EXERCISE INSTRUCTIONS - Transcribe only the lines in the data below falling between the line with "Beautiful custom built" and the line with "WYNN Faltrad 20", including those two lines, and leave out any picture.

RECORDS SHOWN -
____________

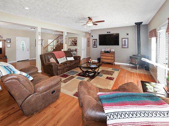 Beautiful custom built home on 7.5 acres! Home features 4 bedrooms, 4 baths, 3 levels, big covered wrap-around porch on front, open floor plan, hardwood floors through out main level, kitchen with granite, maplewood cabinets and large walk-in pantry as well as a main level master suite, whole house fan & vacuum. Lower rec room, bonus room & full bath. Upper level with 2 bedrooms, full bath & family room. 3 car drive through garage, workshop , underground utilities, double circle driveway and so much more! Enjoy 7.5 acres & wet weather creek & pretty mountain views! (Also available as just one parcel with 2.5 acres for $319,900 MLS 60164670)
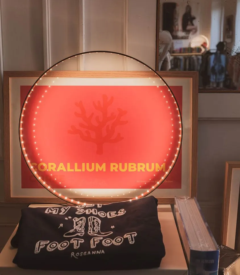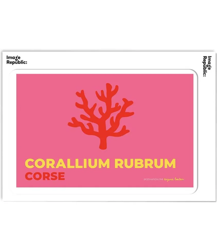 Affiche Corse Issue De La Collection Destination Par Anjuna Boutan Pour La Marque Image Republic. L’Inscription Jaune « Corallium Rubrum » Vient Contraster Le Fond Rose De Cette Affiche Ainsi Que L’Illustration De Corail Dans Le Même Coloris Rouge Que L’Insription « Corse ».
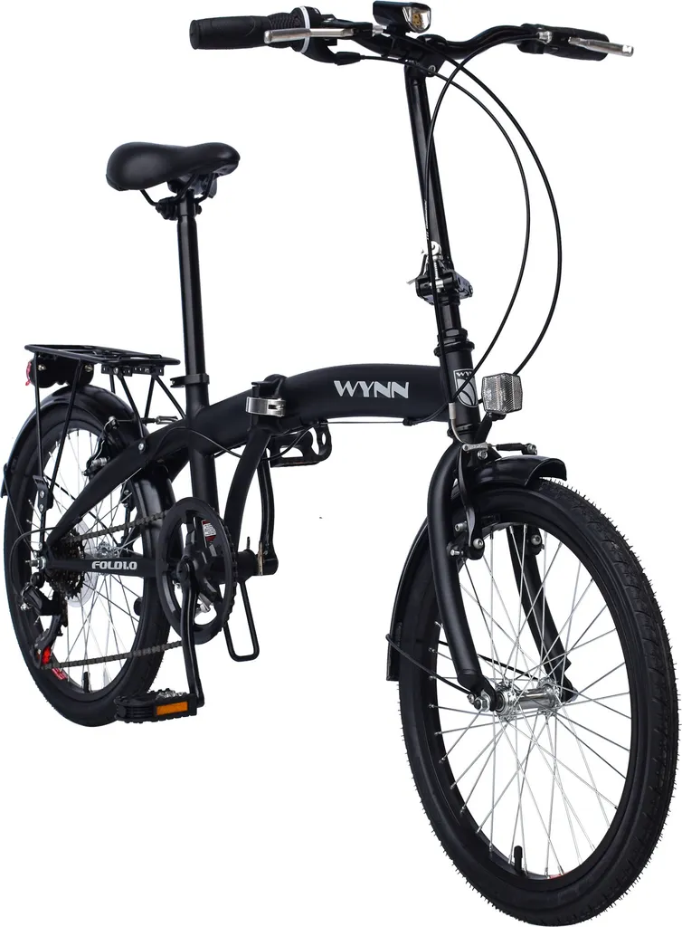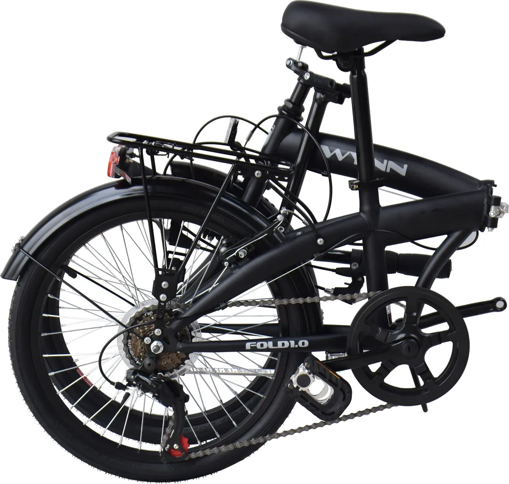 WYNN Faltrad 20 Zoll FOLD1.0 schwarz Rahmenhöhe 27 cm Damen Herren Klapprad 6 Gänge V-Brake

____________

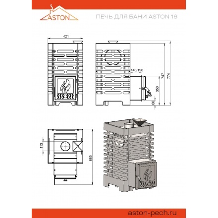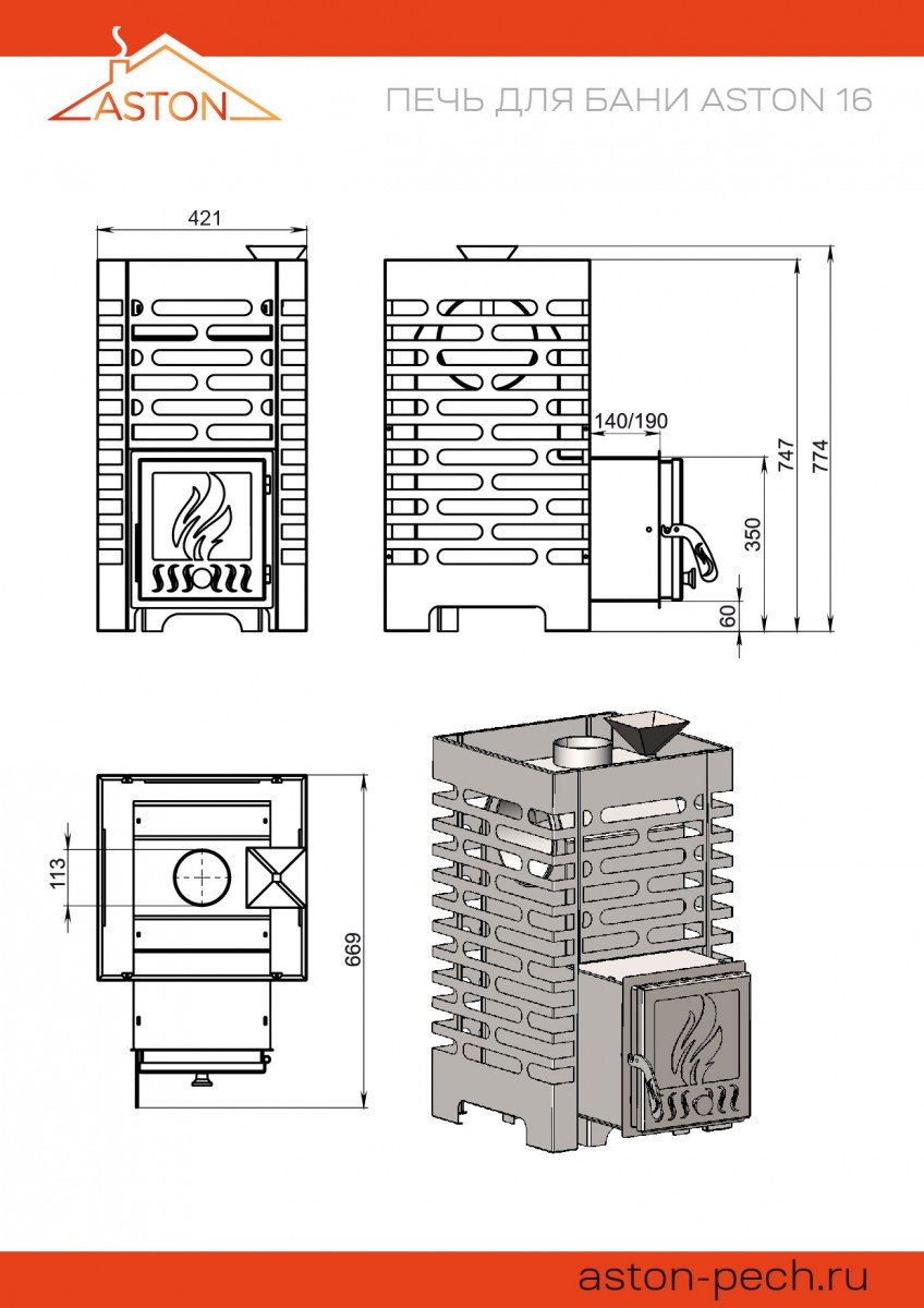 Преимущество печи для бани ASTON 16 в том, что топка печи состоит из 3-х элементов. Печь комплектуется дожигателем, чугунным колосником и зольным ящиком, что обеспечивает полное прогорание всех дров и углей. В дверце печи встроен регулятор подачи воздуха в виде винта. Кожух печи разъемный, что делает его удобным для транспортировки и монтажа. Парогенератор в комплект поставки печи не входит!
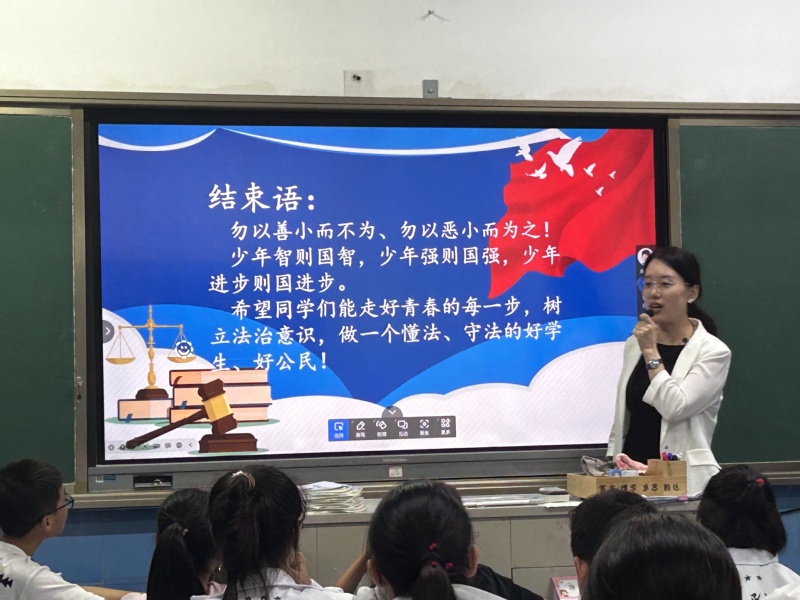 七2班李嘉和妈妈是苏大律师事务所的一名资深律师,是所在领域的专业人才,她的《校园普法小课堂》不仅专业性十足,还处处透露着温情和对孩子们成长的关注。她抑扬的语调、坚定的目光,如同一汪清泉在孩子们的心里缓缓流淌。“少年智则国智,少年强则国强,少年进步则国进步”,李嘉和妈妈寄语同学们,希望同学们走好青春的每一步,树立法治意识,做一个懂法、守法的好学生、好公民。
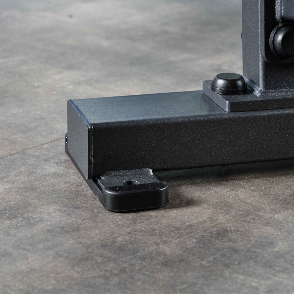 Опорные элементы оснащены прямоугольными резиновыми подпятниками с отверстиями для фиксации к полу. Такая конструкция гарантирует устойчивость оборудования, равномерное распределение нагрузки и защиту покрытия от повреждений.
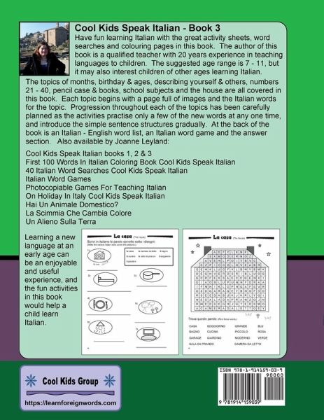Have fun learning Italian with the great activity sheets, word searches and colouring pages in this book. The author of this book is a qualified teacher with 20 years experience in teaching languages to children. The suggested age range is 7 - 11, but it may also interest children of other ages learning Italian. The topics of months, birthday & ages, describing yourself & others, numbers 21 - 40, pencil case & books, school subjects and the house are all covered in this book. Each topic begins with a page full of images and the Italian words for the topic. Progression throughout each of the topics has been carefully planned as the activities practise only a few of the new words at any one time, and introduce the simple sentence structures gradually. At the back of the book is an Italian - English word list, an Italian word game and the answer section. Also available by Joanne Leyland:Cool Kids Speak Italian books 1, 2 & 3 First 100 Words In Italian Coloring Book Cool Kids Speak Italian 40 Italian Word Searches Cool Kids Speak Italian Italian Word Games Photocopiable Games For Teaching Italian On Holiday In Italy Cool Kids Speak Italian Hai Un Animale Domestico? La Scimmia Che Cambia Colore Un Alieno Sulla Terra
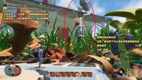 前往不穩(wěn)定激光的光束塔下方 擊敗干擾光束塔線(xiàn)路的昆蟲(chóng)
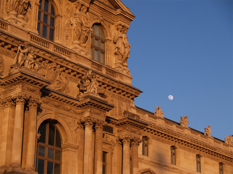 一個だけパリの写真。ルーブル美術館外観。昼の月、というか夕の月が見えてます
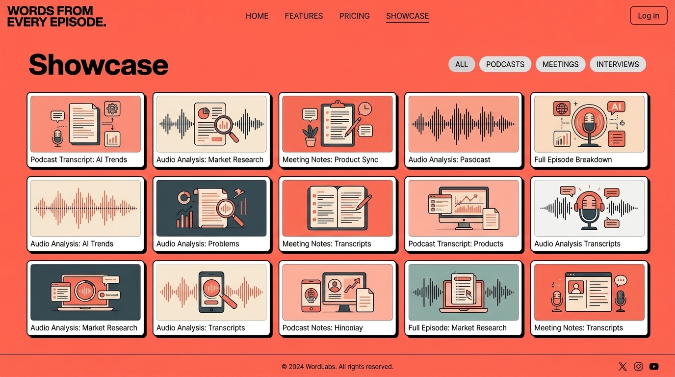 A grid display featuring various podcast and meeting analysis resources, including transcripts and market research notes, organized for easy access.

____________

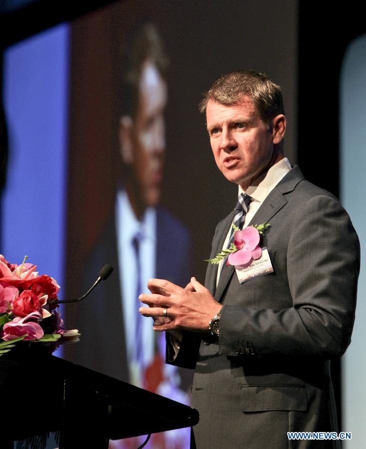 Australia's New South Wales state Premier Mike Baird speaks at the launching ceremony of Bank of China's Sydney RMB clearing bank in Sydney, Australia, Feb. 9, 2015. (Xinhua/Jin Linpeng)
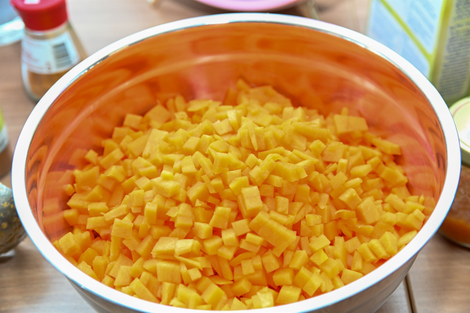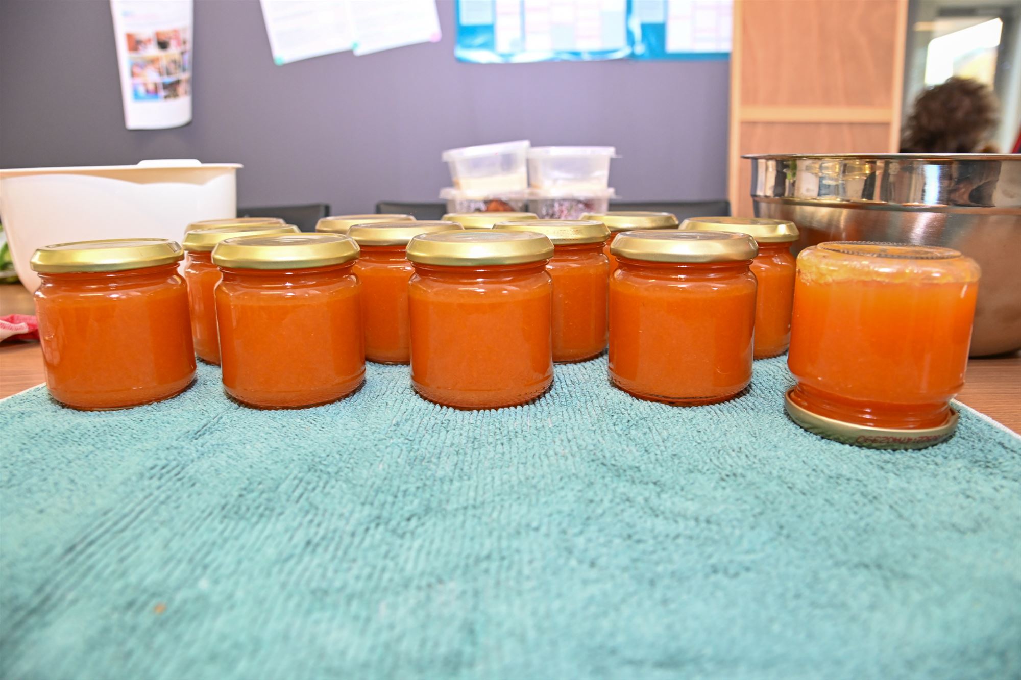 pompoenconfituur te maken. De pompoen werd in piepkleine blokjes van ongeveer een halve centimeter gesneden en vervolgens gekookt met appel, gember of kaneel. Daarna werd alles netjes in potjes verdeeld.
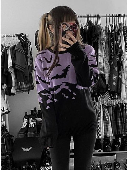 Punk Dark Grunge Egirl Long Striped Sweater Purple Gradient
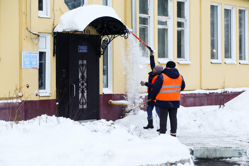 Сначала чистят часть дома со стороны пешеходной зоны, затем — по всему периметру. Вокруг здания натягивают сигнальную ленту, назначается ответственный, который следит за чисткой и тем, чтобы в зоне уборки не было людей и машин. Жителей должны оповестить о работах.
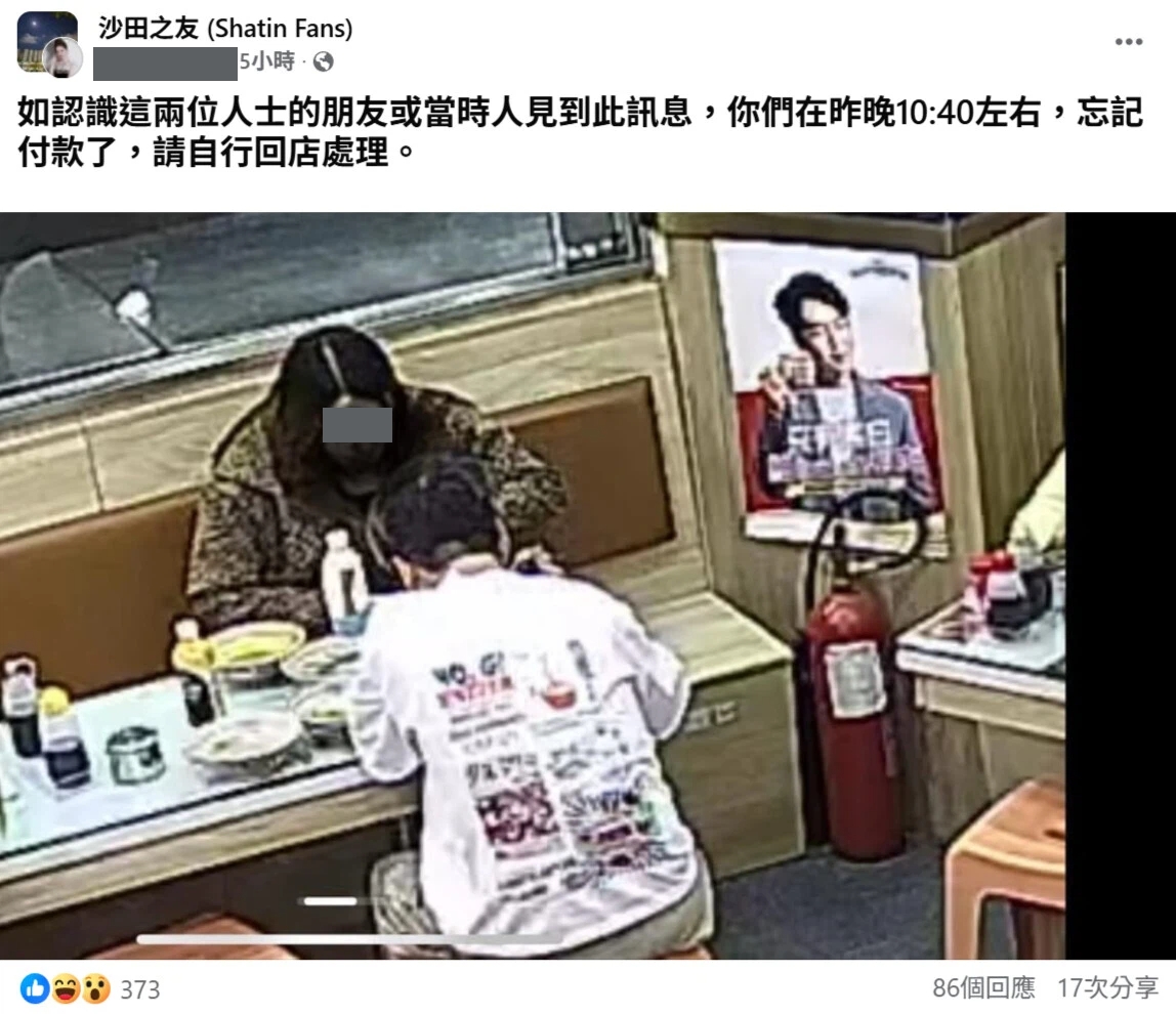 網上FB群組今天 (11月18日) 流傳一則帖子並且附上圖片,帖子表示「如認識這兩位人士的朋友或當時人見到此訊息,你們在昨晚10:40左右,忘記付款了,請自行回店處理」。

____________

EXERCISE RESULT -
 Beautiful custom built home on 7.5 acres! Home features 4 bedrooms, 4 baths, 3 levels, big covered wrap-around porch on front, open floor plan, hardwood floors through out main level, kitchen with granite, maplewood cabinets and large walk-in pantry as well as a main level master suite, whole house fan & vacuum. Lower rec room, bonus room & full bath. Upper level with 2 bedrooms, full bath & family room. 3 car drive through garage, workshop , underground utilities, double circle driveway and so much more! Enjoy 7.5 acres & wet weather creek & pretty mountain views! (Also available as just one parcel with 2.5 acres for $319,900 MLS 60164670)
 Affiche Corse Issue De La Collection Destination Par Anjuna Boutan Pour La Marque Image Republic. L’Inscription Jaune « Corallium Rubrum » Vient Contraster Le Fond Rose De Cette Affiche Ainsi Que L’Illustration De Corail Dans Le Même Coloris Rouge Que L’Insription « Corse ».
 WYNN Faltrad 20 Zoll FOLD1.0 schwarz Rahmenhöhe 27 cm Damen Herren Klapprad 6 Gänge V-Brake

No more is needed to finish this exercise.